STORED DATA
----

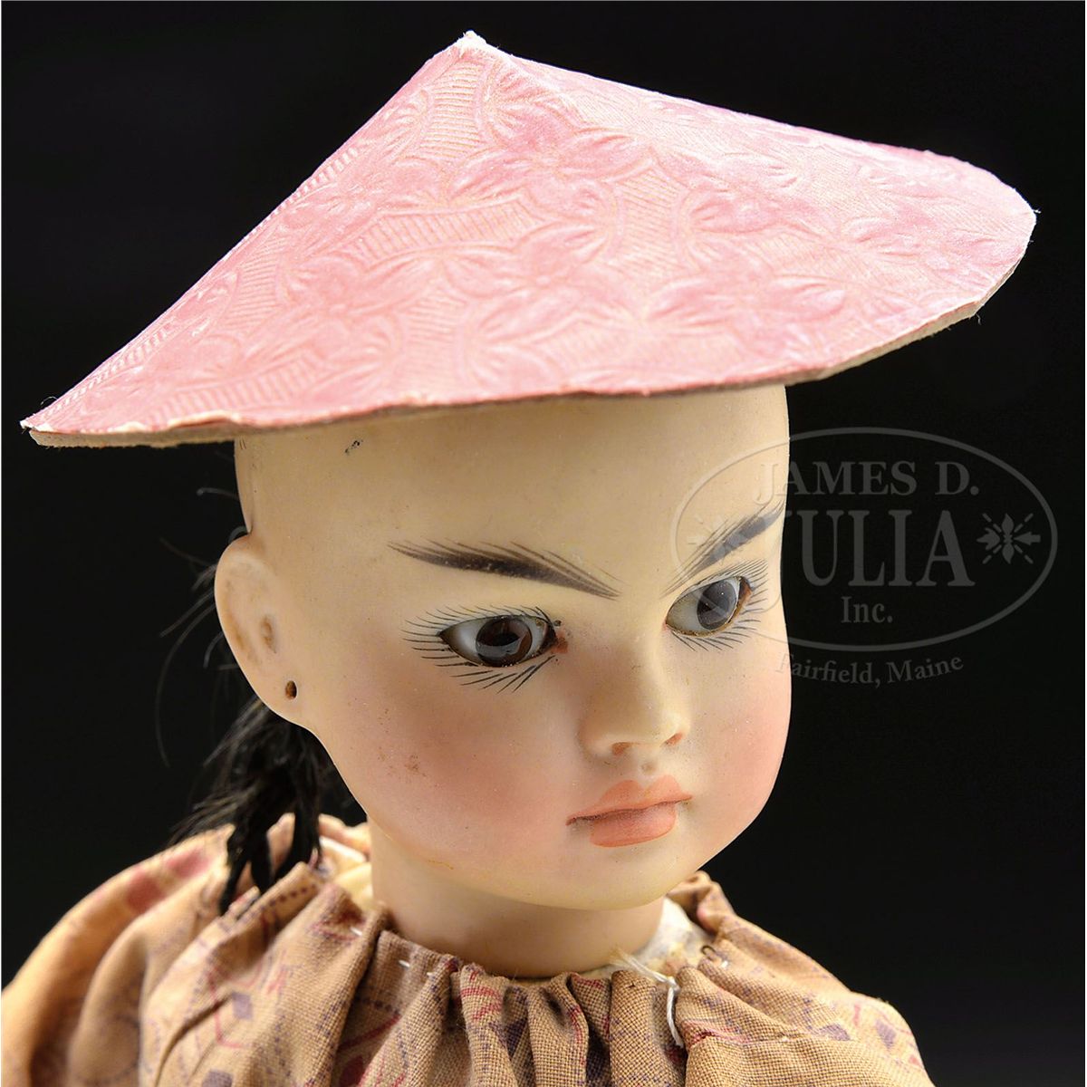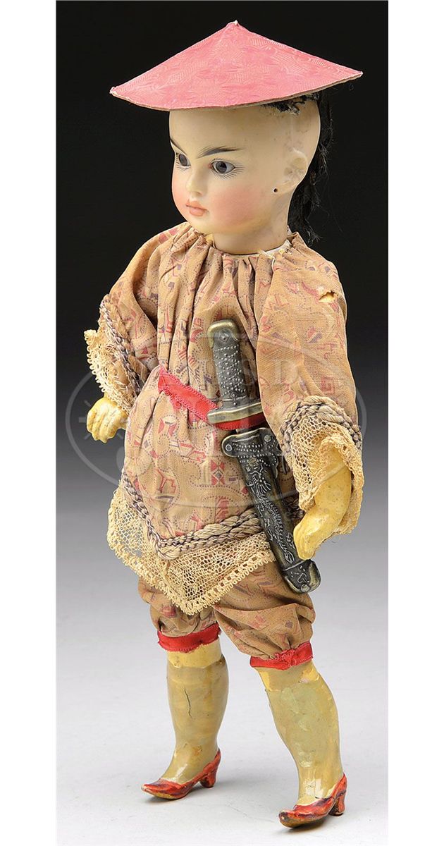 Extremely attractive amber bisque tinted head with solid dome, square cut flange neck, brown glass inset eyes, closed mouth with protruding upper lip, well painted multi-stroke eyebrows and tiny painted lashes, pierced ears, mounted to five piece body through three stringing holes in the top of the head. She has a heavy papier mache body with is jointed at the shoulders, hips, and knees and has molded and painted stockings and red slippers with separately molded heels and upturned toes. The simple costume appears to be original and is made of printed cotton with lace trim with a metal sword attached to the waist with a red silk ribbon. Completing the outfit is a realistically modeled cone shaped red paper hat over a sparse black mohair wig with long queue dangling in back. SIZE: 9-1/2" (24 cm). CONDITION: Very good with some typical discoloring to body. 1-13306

----

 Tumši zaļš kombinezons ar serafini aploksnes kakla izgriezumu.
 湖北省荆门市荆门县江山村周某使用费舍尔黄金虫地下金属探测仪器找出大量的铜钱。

----

WHAT THE EXERCISE ASKS
Working from the records above, write out verbatim only the lines from the line containing "Tumši zaļš kombinezons" through the line containing "湖北省荆门市荆门县江山村周某使用费舍尔黄金虫地下金属探测仪器找出大量的铜钱。".

SOLUTION BELOW
 Tumši zaļš kombinezons ar serafini aploksnes kakla izgriezumu.
 湖北省荆门市荆门县江山村周某使用费舍尔黄金虫地下金属探测仪器找出大量的铜钱。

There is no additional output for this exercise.